When you get arrested for a misdemeanor, you might be contemplating if you are eligible for bail. Your bail eligibility depends on the specific charge that is filed against you.
Here are five misdemeanor charges that may be eligible for bail.
One of the most common traffic infractions is speeding. If you are stopped for speeding and do not have a previous record, you will likely only be issued a ticket. However, if you are caught speeding in a school zone or construction zone, you may be charged with a misdemeanor.
Another common traffic infraction is reckless driving. This is a more serious charge than speeding and can result in a misdemeanor conviction. Besides paying a fine, you may also need to complete community service projects or attend traffic school.
Other common driving infractions include driving without a license and driving with a suspended license.
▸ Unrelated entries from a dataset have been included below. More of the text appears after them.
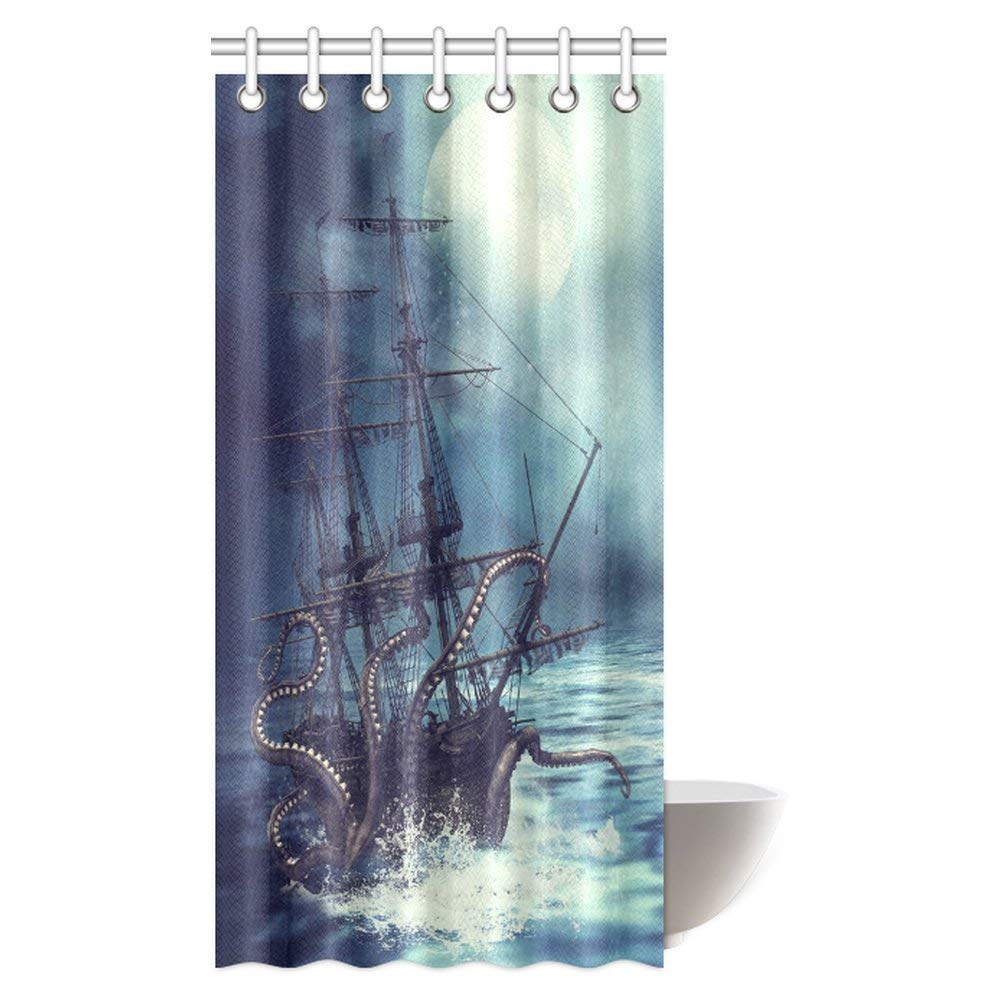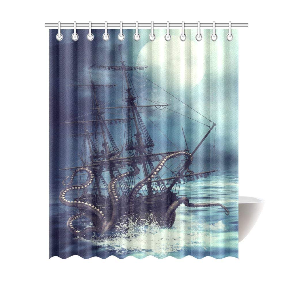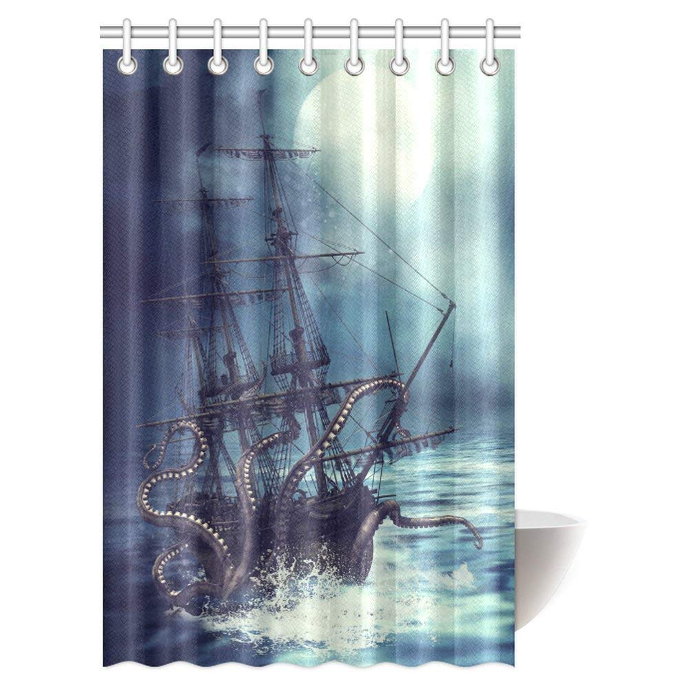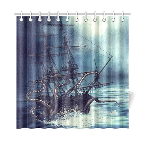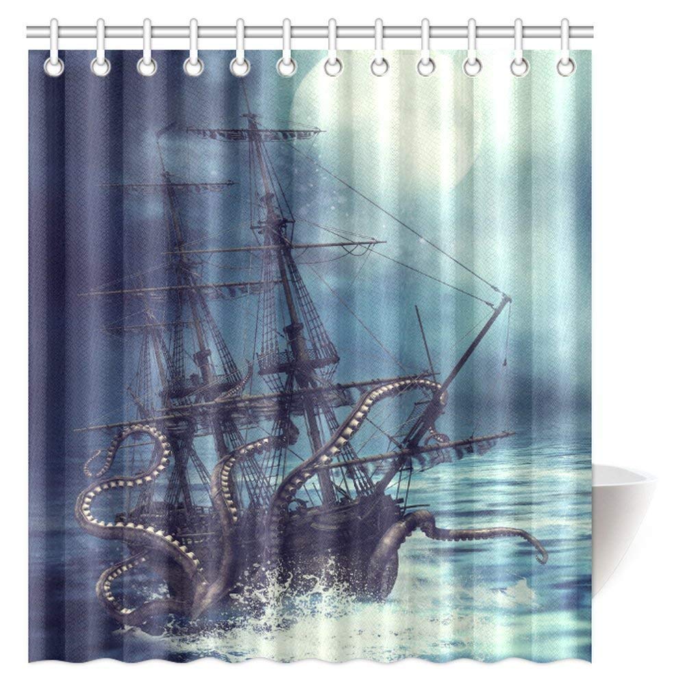 Pirate Ship Octopus Tentacles Home Textile Bathroom Decoration Luxurious Cozy Lovely Decor Pleasing Design Effect Fabric Purple Shower Curtain
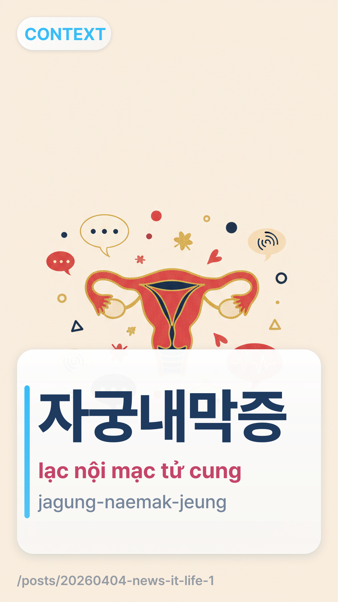 자궁내막증 때문에 병원에 다녀왔어요.jagungnaemakjeung ttaemune byeowone danyeowasseoyo. — Tôi đã đến bệnh viện vì bệnh lạc nội mạc tử cung.
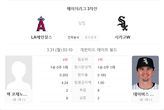타선에서도 에인절스는 솔레르, 트라웃 등 베테랑 중심의 기대감이 더 높은 상황입니다. 투수력과 타선의 기대치 모두 에인절스 우세로 판단됩니다.

This charge is typically given when someone is causing a disturbance or acting disorderly out in public. Depending on the state, you may also be charged with a misdemeanor if you are found to have an open container of alcohol in public. Also, remember that intoxication isn’t always caused by alcohol. If you are suspected to be under the influence of drugs, you could also face a misdemeanor charge.
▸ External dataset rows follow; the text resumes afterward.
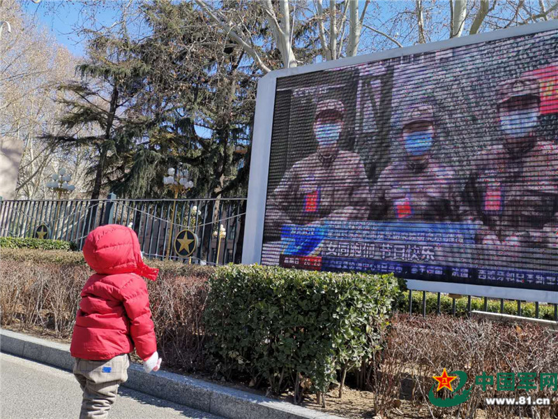 芊芊很想念媽媽。那天,芊芊拉著李亮的手在軍事醫(yī)學(xué)研究院辦公區(qū)門口等了很久,因?yàn)槟抢锏拇笃聊簧希瑫?huì)滾動(dòng)播放武漢戰(zhàn)“疫”官兵的視頻畫面。
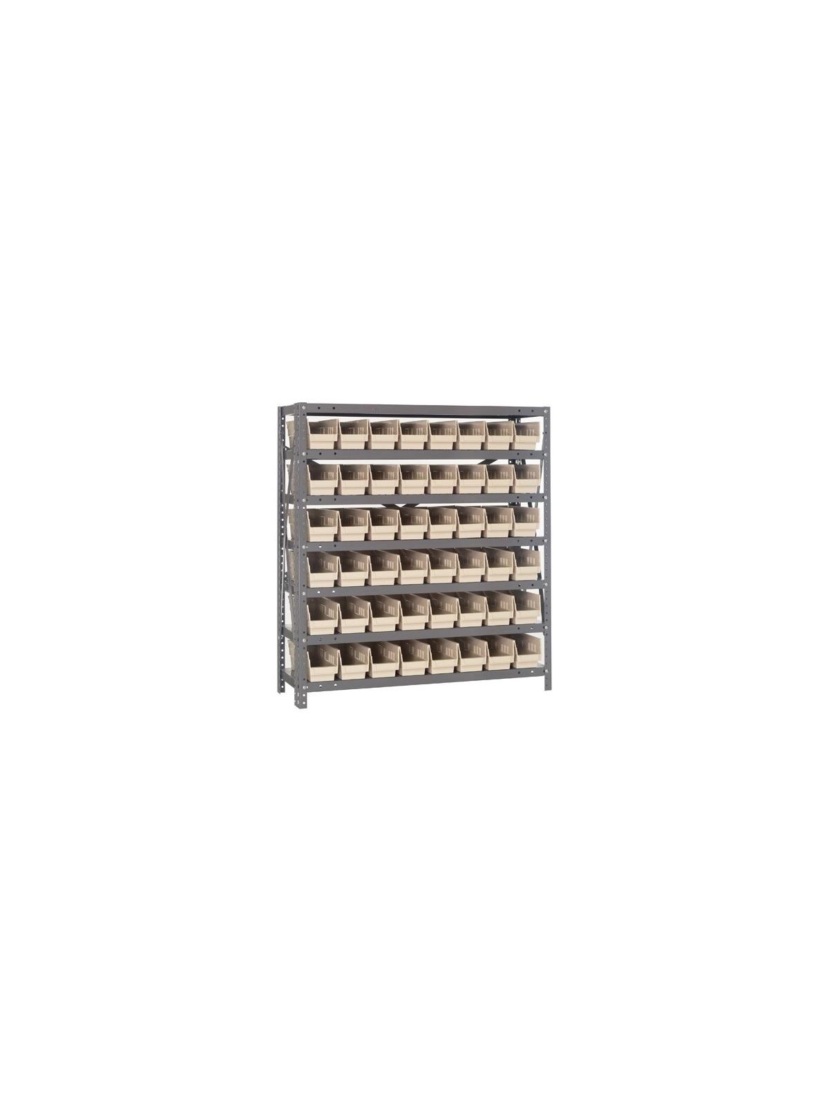 Rugged 350 lb. capacity per shelf, standard shelving unit will keep parts organized and readily accessible. Gray enamel finish will not rust or corrode. 12-HQSB100, 8-HQSB101, 5-HQSB102, 4-HQSB107, 3-HQSB109 fit across a standard 36"W x 12"D shelf. 8-HQSB103, 5-HQSB104, 4-HQSB108, 3-HQSB110 fit across a 36"W x 18"D shelf. Bins are available in Blue, Yellow, Red, Green, Ivory or Black. FOB Shipping Point.
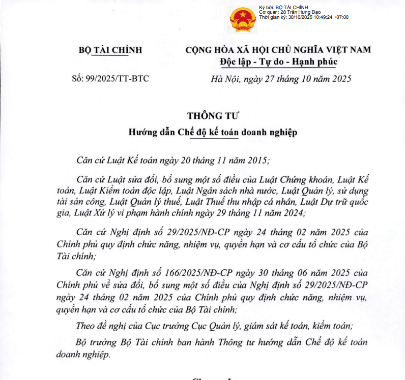 Ngày 27/10/2025, Bộ Tài chính chính thức ban hành Thông tư 99/2025/TT-BTC hướng dẫn Chế độ kế toán doanh nghiệp, thay thế cho các văn bản cũ gồm:

Public intoxication is usually a misdemeanor charge, but it can be upgraded to a felony if you have previous convictions or if you are causing bodily harm to yourself or others. That’s why it’s important to always be aware of your surroundings and to know your limits when drinking in public.
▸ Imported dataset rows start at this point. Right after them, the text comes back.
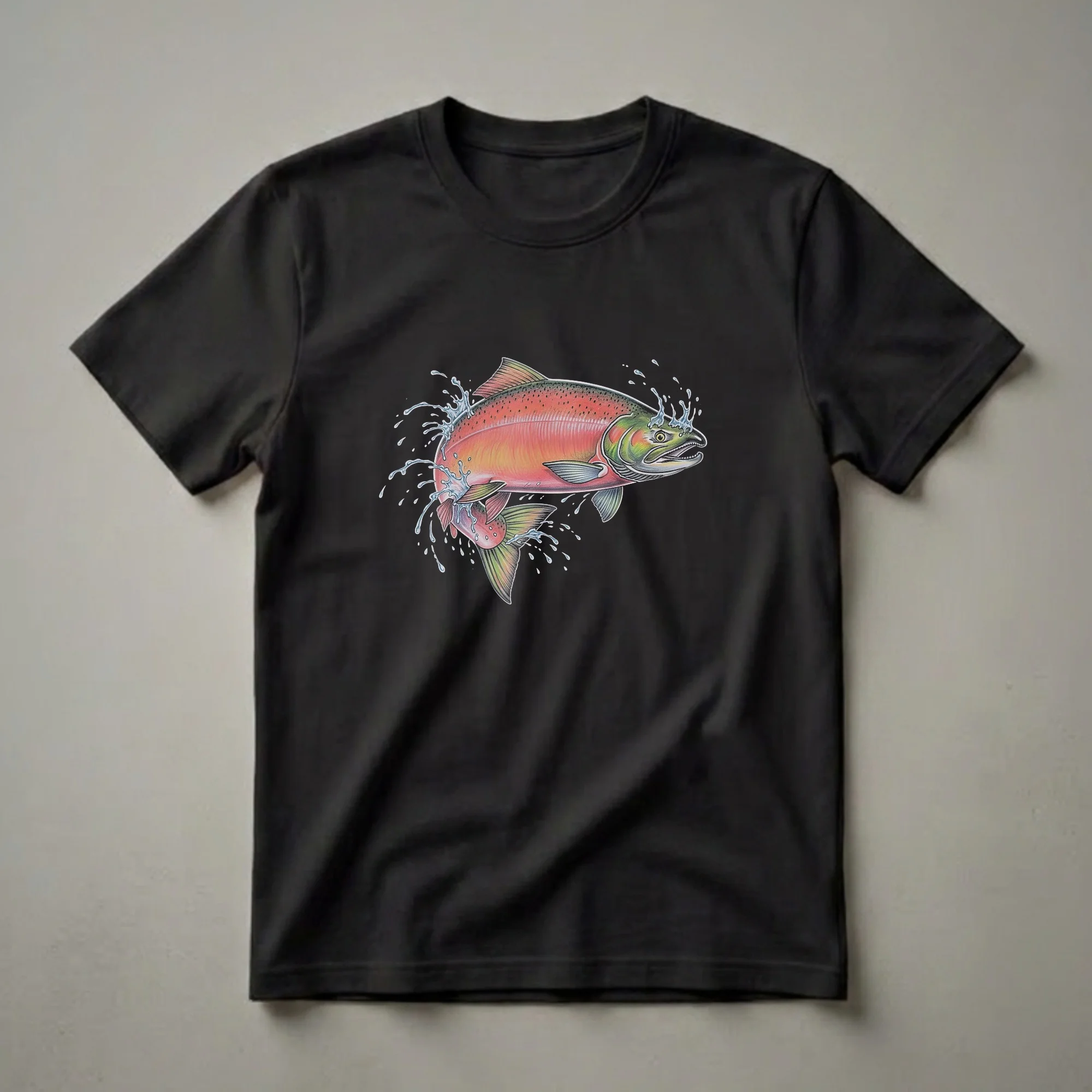- A striking sockeye salmon graphic tee for anglers and wildlife lovers.
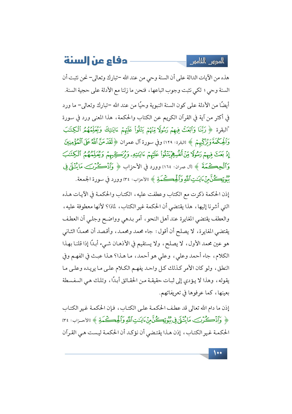 إذن الحكمة ذكرت مع الكتاب وعطفت عليه، الكتاب والحكمة في الآيات هذه التي أشرنا إليها، هذا يقتضي أن الحكمة غير الكتاب، لماذا؟ لأنها معطوفة عليه، والعطف يقتضي المغايرة عند أهل النحو، أمر بدهي وواضح وجلي أن العطف يقتضي المغايرة، لا يصلح أن أقول: جاء محمد ومحمد، وأقصد أن محمدًا الثاني هو عين محمد الأول، لا يصلح، ولا يستقيم في الأذهان شيء أبدًا إذا قلنا بهذا الكلام، جاء أحمد وعلي، وعلي هو أحمد، ما هذا؟ هذا عبث في الفهم وفي النطق، ولو كان الأمر كذلك كل واحد يفهم الكلام على ما يريده وعلى ما يقوله، وهذا لا يؤدي إلى ثبات حقيقة من الحقائق أبدًا، وتلك هي السفسطة بعينها، كما عرفوها في تعريفاتهم.
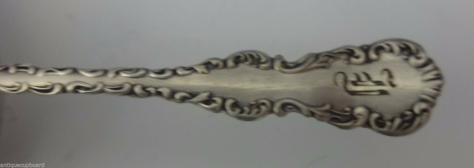Charming Louis XV sterling silver ramekin cup holder. It was made by Roden Brothers of Canada (they made a pattern similar to Whiting). The piece comes with porcelain insert, it has a vintage monogram (see photo), and it dates from 1890's-1900. The measurements for the ramekin cup holder are 1 1/4" tall, 5 1/2 long, and with the liner weighs 2.2 ozt. It is in excellent condition. Wonderful! SKU#0476.
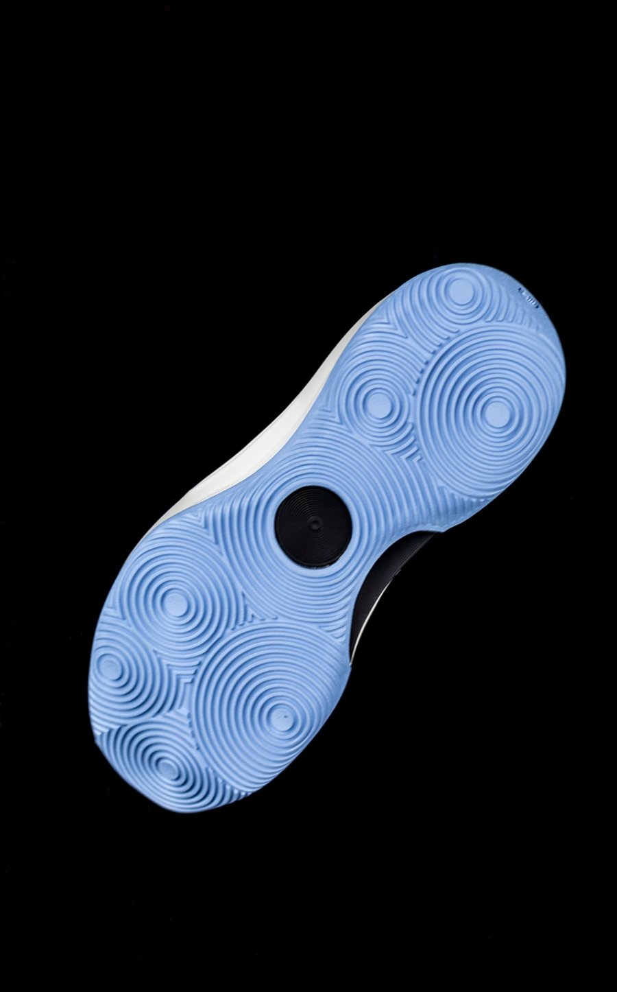 外底创新的多重同心圆纹路,在启动突破中展现出众的摩擦力,转身时更加灵活。同时橡胶的硬度不低,纹理深度尚可,外场耐用性也不必担心。

If you are caught stealing something that is valued at less than $500, you may be charged with a misdemeanor. Depending on the state, you may need to complete community service or take classes.
If you are caught stealing something that is valued at more than $500, you will likely be charged with a felony.
This refers to the act of being on someone’s property without having their permission. Although it may seem like a minor charge, if you are caught trespassing on government property or private property, you may be charged with a misdemeanor.
If you are caught trespassing on someone’s property with intentions to commit a crime, you will likely be charged with a felony. That means that even if you don’t commit the crime, you may still be facing serious charges.
Vandalism is the act of damaging someone’s property. This can include spray painting graffiti, breaking windows, or keying a car. Sometimes, people think that they can evade punishment for vandalism if they don’t damage anything of value. However, even if the property damage is minimal, you may still be charged with a misdemeanor.
The bail amount depends on the charge, your criminal record, and some other potential factors. If you are charged with a misdemeanor, the judge will likely set a bail amount that is within your means. However, if you are facing multiple charges or have a previous criminal record, the judge may set a higher bail amount.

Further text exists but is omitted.